Financement de chocolatierTrès dynamique, le marché de la confiserie-chocolaterie poursuit sa croissance. Il réalise un chiffre d'affaires de 1,804 milliard d'euros en 2009 et progresse de 10 points en 2010. L'image du chocolat comme produit de tradition est suffisamment forte pour que la demande ne soit pas affectée par les campagnes qui tentent d'améliorer les habitudes alimentaires : « Manger bouger », « Consommer 5 fruits et légumes par jour ». De plus, les consommateurs préfèrent le chocolat artisanal aux fabrications des grands groupes industriels. Dans ces conditions, les professionnels indépendants, en particulier les artisans chocolatiers, voient leur part de marché augmenter malgré une situation économique tendue. Le dynamisme du marché attire des groupements ou des chaînes spécialisées, mais les professionnels non affiliés contrôlent la plus grande part du secteur. Les réseaux se positionnent sur des confiseries industrielles, ou du moins standardisées, et adoptent des méthodes commerciales proches de celles de la grande distribution, avec une logistique éprouvée et une offre variée. D'autres acteurs distribuent eux aussi de la confiserie-chocolaterie : boulangeries, grandes surfaces alimentaires ou généralistes. Ils sont positionnés quant à eux, sur les produits industrialisés. Ainsi, la présence de nombreuses enseignes dans certaines zones de chalandise provoque une situation de saturation. Les professionnels traditionnels, et en particulier les artisans, doivent donc se différencier pour attirer davantage de clientèle. Sur ce terrain, la qualité de l'offre et son originalité sont déterminantes.

L'organisation de la vente de chocolat en france

Dans un secteur dont la progression est continue, les acteurs sont organisés autour de 2 pôles.
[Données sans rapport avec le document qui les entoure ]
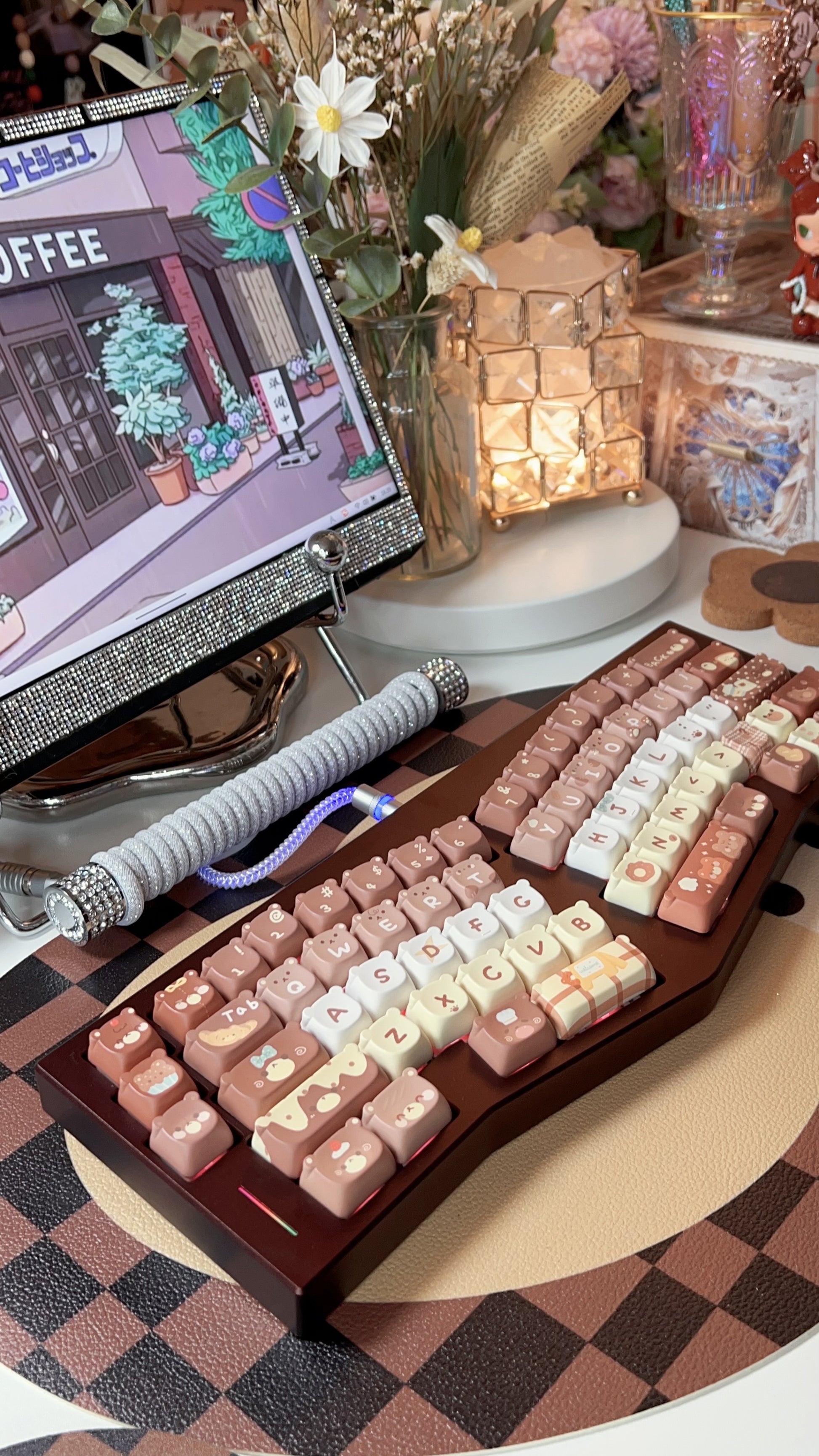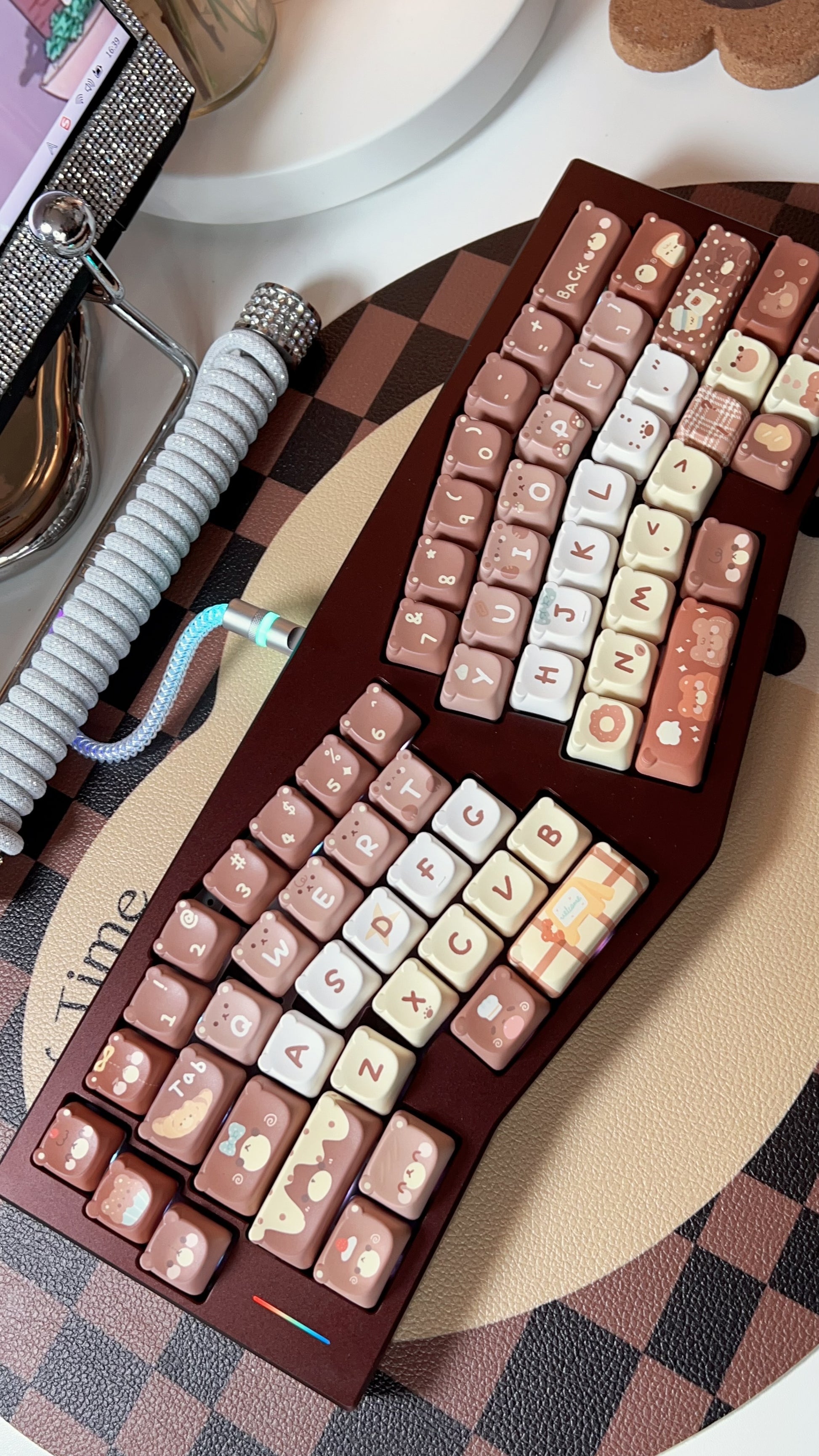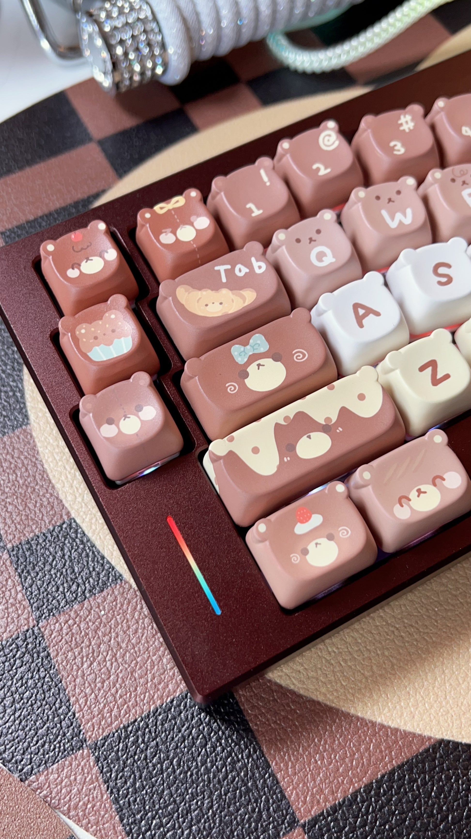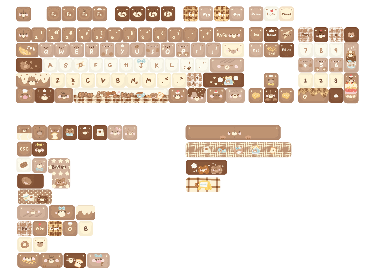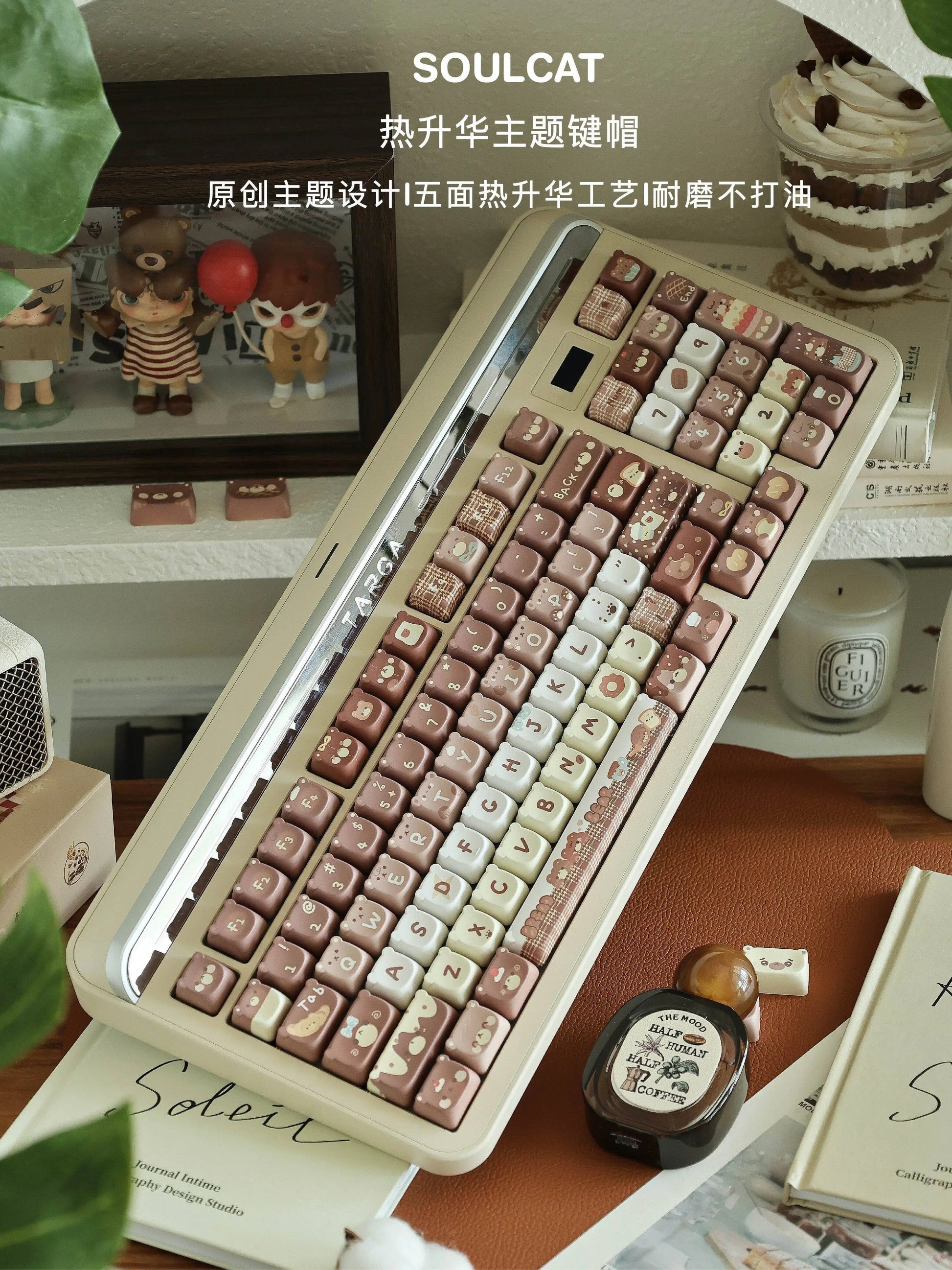 026 Brown Bear Baked Keycaps Cute and Round Skin-like Feel Designed By SOULCAT(not including keyboard)
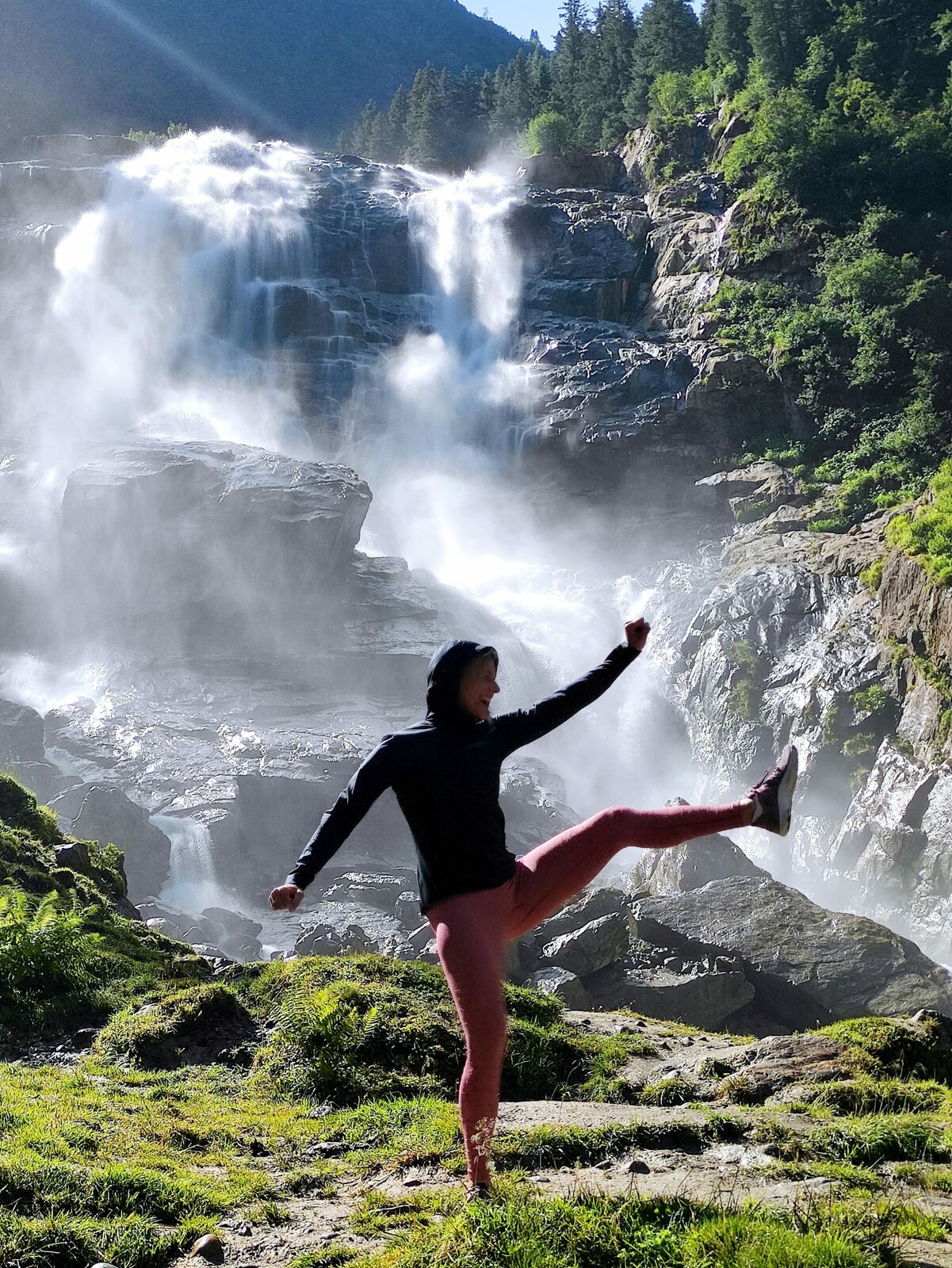 Marlies Raich vor dem Grawa Wasserfall.Bild: © ORF/Toni Silberberger
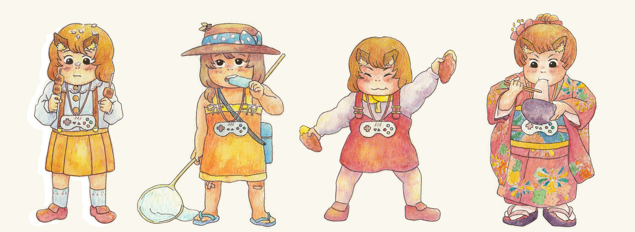 それを元にKAZUKIがA4普通紙にラフ案を三種類ほど描き、その中から一案を採用していただきます。決定案を元にKAZUKIがアナログ画材(主に水彩と色鉛筆)を使ってイラストを完成させます。

  • Les confiseurs-chocolatiers fabricants sont des artisans. Ils font la différence par la qualité de leurs produits. Leur savoir-faire est reconnu et apprécié de la clientèle.
  • Les confiseurs chocolatiers non-fabricants sont des commerçants uniquement. Ils doivent sélectionner leurs fournisseurs en fonction de leurs stratégies commerciales. Les enseignes sont très variées, boulangeries, chaînes spécialisées, stations-services, et leurs offres sont différentes.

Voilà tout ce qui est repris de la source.